Exercise data:
- - -
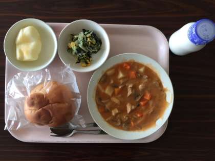 今日は、ミルクパン、ポークときのこのシチュー、ほうれん草とキャベツのサラダ、りんご、牛乳です。
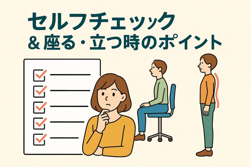 腰痛の原因を知ったうえで、まず行いたいのが「自分の体の状態を把握すること」です。ここでは、日常の中で簡単にできるセルフチェックと、座り方・立ち方のポイントを紹介します。ほんの少し意識を変えるだけでも、痛みの感じ方が違うといわれています。
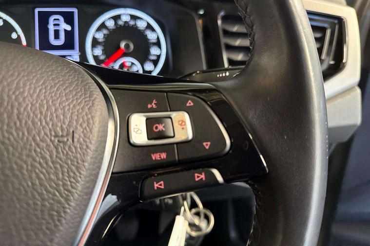 Cruise control + speed limiter, Digital clock, Driver alert system, Emergency call service, Multifunction computer plus, Power assisted speed sensitive steering, Speedo and rev counter, electronic odometer, trip, service interval display and fuel gauge, Start/stop system, Volkswagen connect, Warning buzzer and light for front seatbelts unfastened, Wireless app connect, Battery regeneration during braking, Galvanished body, Diversity antenna for FM reception, Front and rear 6 speakers, Black grille with chrome surround, Black radiator grille with chrome louvres, Body colour bumpers, Body colour door handles, Body colour rear spoiler, Body coloured side sills, Electric front windows, Electrically adjustable and heated door mirrors with reverse activated kerb view adjustment on passenger's side, Front windscreen washers and wipers with 4 speed intermittent delay, Heated rear window with auto timer, High level 3rd brake light, LED daytime running lights, LED rear number plate lights, Rear electric windows, Rear windscreen washer and wiper with interval delay, reverse activated, 2 bag hooks in luggage compartment, 2 front and 2 rear reading lights, 2 front cupholders and 12 V socket with cover, 3 rear head restraints, 4 grab handles, 60/40 split folding rear seat, Centre console storage with open storage compartment, Chrome interior door handles, Driver and front passenger seat height adjustment, Driver and front passenger sunvisors with illuminated vanity mirrors, Dust/pollen filter, Folding rear seat backrest, Front head restraints, Front seat backrest storage pockets, Gear lever gaiter in black trim surround, Glovebox, Handbrake grip button in chrome effect, Height/reach adjustable steering column, Instrument lighting, adjustable panel illumination, Interior light with delay, Isofix Preparation 2 Rear child seats, Leather gear knob and handbrake grip, Leather multifunction steering wheel, Luggage compartment cover, removable, Luggage compartment lighting, Luggage compartment with variable load floor, Storage compartment in front doors, Storage compartment in rear doors, Storage compartment under front seats, Sunglasses holder, 3 point height adj front seatbelts + pretensioners, 3x3 point rear seatbelts, ABS, Automatic post collision braking, Driver/front passenger airbag, Drivers and front passengers safety optimised head restraints, ESP with EDL + ASR, Front and rear passenger curtain airbags, Front disc brakes and rear drum brakes, Front passenger airbag deactivation, Front seat side impact airbags, Hill hold control, Hydraulic Brake Assist (HBA), Single tone horn, Tyre pressure monitoring system, Alarm with interior protection and deactivation via infotainment system, Electronic engine immobiliser, Remote central locking with 2 remote folding keys, Air vents in High gloss black, Limestone grey decorative inserts,
- - -
Exercise brief:
Pictures are to be left out; the listing above is otherwise to be copied exactly.

Answer box:
 今日は、ミルクパン、ポークときのこのシチュー、ほうれん草とキャベツのサラダ、りんご、牛乳です。
 腰痛の原因を知ったうえで、まず行いたいのが「自分の体の状態を把握すること」です。ここでは、日常の中で簡単にできるセルフチェックと、座り方・立ち方のポイントを紹介します。ほんの少し意識を変えるだけでも、痛みの感じ方が違うといわれています。
 Cruise control + speed limiter, Digital clock, Driver alert system, Emergency call service, Multifunction computer plus, Power assisted speed sensitive steering, Speedo and rev counter, electronic odometer, trip, service interval display and fuel gauge, Start/stop system, Volkswagen connect, Warning buzzer and light for front seatbelts unfastened, Wireless app connect, Battery regeneration during braking, Galvanished body, Diversity antenna for FM reception, Front and rear 6 speakers, Black grille with chrome surround, Black radiator grille with chrome louvres, Body colour bumpers, Body colour door handles, Body colour rear spoiler, Body coloured side sills, Electric front windows, Electrically adjustable and heated door mirrors with reverse activated kerb view adjustment on passenger's side, Front windscreen washers and wipers with 4 speed intermittent delay, Heated rear window with auto timer, High level 3rd brake light, LED daytime running lights, LED rear number plate lights, Rear electric windows, Rear windscreen washer and wiper with interval delay, reverse activated, 2 bag hooks in luggage compartment, 2 front and 2 rear reading lights, 2 front cupholders and 12 V socket with cover, 3 rear head restraints, 4 grab handles, 60/40 split folding rear seat, Centre console storage with open storage compartment, Chrome interior door handles, Driver and front passenger seat height adjustment, Driver and front passenger sunvisors with illuminated vanity mirrors, Dust/pollen filter, Folding rear seat backrest, Front head restraints, Front seat backrest storage pockets, Gear lever gaiter in black trim surround, Glovebox, Handbrake grip button in chrome effect, Height/reach adjustable steering column, Instrument lighting, adjustable panel illumination, Interior light with delay, Isofix Preparation 2 Rear child seats, Leather gear knob and handbrake grip, Leather multifunction steering wheel, Luggage compartment cover, removable, Luggage compartment lighting, Luggage compartment with variable load floor, Storage compartment in front doors, Storage compartment in rear doors, Storage compartment under front seats, Sunglasses holder, 3 point height adj front seatbelts + pretensioners, 3x3 point rear seatbelts, ABS, Automatic post collision braking, Driver/front passenger airbag, Drivers and front passengers safety optimised head restraints, ESP with EDL + ASR, Front and rear passenger curtain airbags, Front disc brakes and rear drum brakes, Front passenger airbag deactivation, Front seat side impact airbags, Hill hold control, Hydraulic Brake Assist (HBA), Single tone horn, Tyre pressure monitoring system, Alarm with interior protection and deactivation via infotainment system, Electronic engine immobiliser, Remote central locking with 2 remote folding keys, Air vents in High gloss black, Limestone grey decorative inserts,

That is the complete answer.